Nivolumab Outperforms Investigator-Chosen Chemotherapy in Melanoma Trial

Nivolumab shows promise in patients whose disease progressed after ipilimumab and BRAF inhibitor therapy.

Nivolumab shows promise in patients whose disease progressed after ipilimumab and BRAF inhibitor therapy.

In the phase 3 CheckMate 037 trial, researchers reported the results of treatment with nivolumab (Opdivo) in patients with advanced melanoma who had previously experienced cancer progression after initial treatment with ipilimumab. Nivolumab, which works by inhibiting the programmed cell death receptor ligand checkpoint in tumor immune escape, offers an additional immunologic mechanism that is different from the CTLA-4 checkpoint inhibition offered by ipilimumab therapy.

Researchers evaluated the medication in patients age 18 years and older who had metastatic melanoma that progressed after either ipilimumab therapy or BRAF inhibitor therapy (provided they had the qualifying BRAF mutation). In addition, none of the trial participants were eligible for resection, typically due to the metastatic nature of the cancer.

One-third of patients received treatment with background therapy (dacarbazine/paclitaxel/carboplatin), and the remaining two-thirds received monotherapy with nivolumab 3 mg/kg administered every 2 weeks. Treatment continued until unacceptable toxicity or disease progression occurred.

Researchers assessed a primary end point of objective response and overall survival--more stringent than either end point used in isolation. Objective responses occurred in close to one-third of patients receiving nivolumab (31.7% of patients) versus just over 1 in 10 (10.6%) patients receiving traditional chemotherapeutic background therapy.

Patients receiving nivolumab experienced several grade 3 and grade 4 adverse events, including increased levels of lipase, increased levels of liver enzymes, anemia, fatigues, and neutropenia. Fortunately, rates of each of these adverse events did not exceed 1%. Blood dyscrasias also occurred in the standard treatment group, including neutropenia, thrombocytopenia, and anemia. These adverse events were far more common in patients receiving standard therapy, occurring in 5% to 14% of patients each.

Encouragingly, no treatment-related deaths were reported in the study.

Regarding these positive results, in a press release, Jeffrey S. Weber, MD, PhD, director of the Donald A. Adam Comprehensive Melanoma Research Center at Moffitt Cancer Center stated, “These data are important as they mark the first presentation of results from a Phase 3 randomized study for the PD-1 immune checkpoint inhibitor class.”
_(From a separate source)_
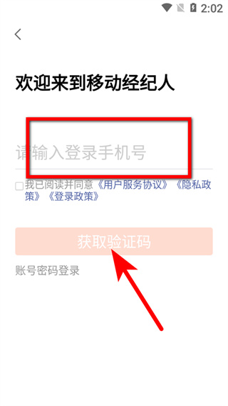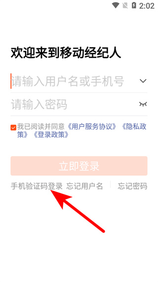 1、在移動(dòng)經(jīng)紀(jì)人登錄頁(yè)面,點(diǎn)擊手機(jī)驗(yàn)證碼登錄選項(xiàng),進(jìn)入手機(jī)號(hào)填寫(xiě)頁(yè)面。

Nivolumab was approved by the FDA for the treatment of advanced melanoma on December 22, 2014. More recently, the medication received approval for use in non—small cell lung cancer.

“These results confirm our belief in the potential of immuno-oncology, and our broad development program continues to evaluate Opdivo in advanced melanoma across lines of therapy, both as a single agent and as part of a combination regimen,” said Senior Vice President and head of Oncology Development at Bristol-Myers Squibb, Michael Giordano, MD.

References

  • Weber JS, D'Angelo SP, Minor D, et al. Nivolumab versus chemotherapy in patients with advanced melanoma who progressed after anti-CTLA-4 treatment (CheckMate 037): a randomised, controlled, open-label, phase 3 trial. Lancet Oncol. 2015;16(4):375-384.
  • Bristol-Myers Squibb. Positive Phase 3 Data for Opdivo (nivolumab) in Advanced Melanoma Patients Previously Treated with Yervoy (ipilimumab) Presented at the ESMO 2014 Congress; First Phase 3 Results Presented for a PD-1 Immune Checkpoint Inhibitor [press release]. http://news.bms.com/press-release/rd-news/positive-phase-3-data-opdivo-nivolumab-advanced-melanoma-patients-previously-t. Accessed July 2015.
  • FDA. FDA approves Opdivo for advanced melanoma. http://www.fda.gov/NewsEvents/Newsroom/PressAnnouncements/ucm427716.htm. Accessed July 2015.
  • OPDIVO (nivolumab) injection [package insert]. Princeton, NJ: Bristol-Myers Squibb; 2015.